Consciousness, Analytic Idealism and Buddhist Foundations: Exploring Non-Materialist Ways of Connecting Eastern and Western Spiritual Perspectives
Abstract
Contemporary approaches to explaining the connections and reconciling perceived differences between spiritual and scientific interpretations of reality have tended to accept mainstream interpretations of physics, cosmology and biology. The resultant putative combinations of ideas-seeking to equate materialist with non-materialist worldviews-display anomalous, artificial and deeply problematic features.
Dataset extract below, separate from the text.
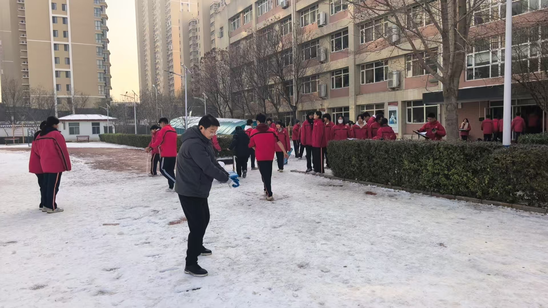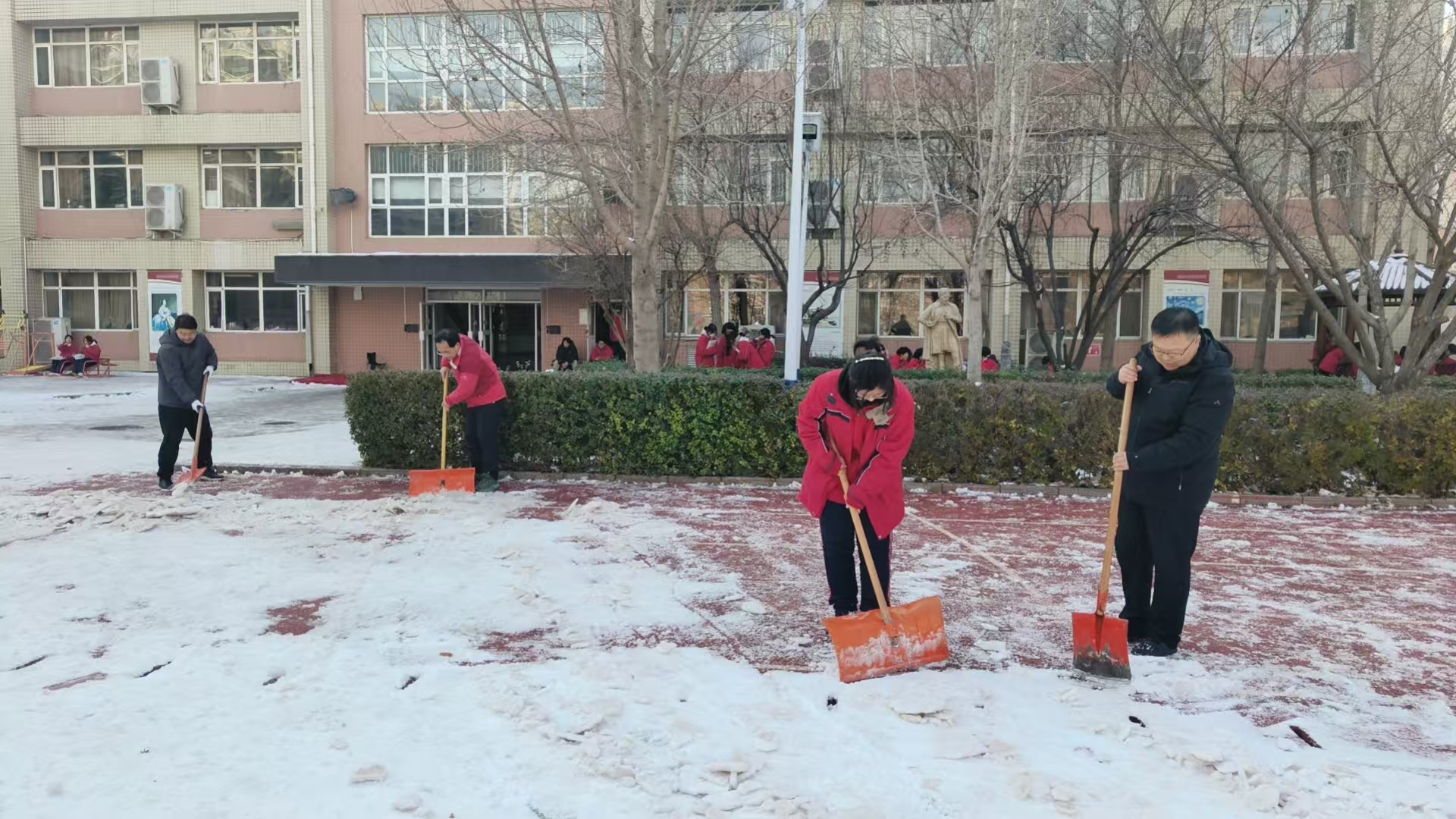 除雪现场,老师们分工明确、配合默契,大家手持清雪铲子,合理使用环保融雪剂,对校园主干道、教学楼出入口、操场等重点区域的冰雪进行集中清扫。尽管天气寒冷,但老师们不畏严寒、干劲十足,有的弯腰铲除地面薄冰,有的奋力清扫积雪,有的仔细撒布融雪剂,不放过任何一处安全隐患。
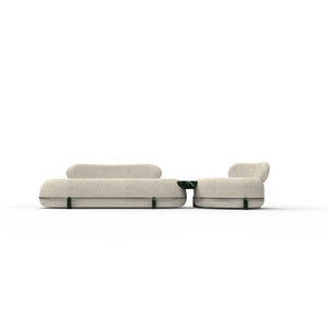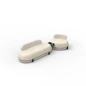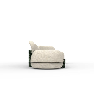 The sculptural bench is broad yet fine in detail; it balances tactile comfort with earthbound materiality. Specifically designed for modern living rooms, like gallery-like entryways or quieter transitional spaces, it presents as both a seating object and a bold visual gesture. With an extended frame and distinctive stone base, the bench beckons one to linger, a piece for spaces that appreciate design as an experience.

Instead of accepting the validity of scientific materialism-expressed in accounts offered, for instance, by Thich Nhat Hanh, the Dalai Lama, and, in a more secular context, Deepak Chopra and Fritjof Capra-the central thesis of this paper is that it is more plausible to question the foundations of materialism and argue for an idealist interpretation of both science, reality and spirituality as suggested in recent work by Bernardo Kastrup, Steve Taylor and Donald Hoffman. After exploring the central claims of these new interpretations of idealism-and their principal critiques of scientific materialism-arguments that such perspectives offer a richer, more cogent and more parsimonious method of linking Eastern and Western worldviews than the flawed materialist perspectives will be explained and justified.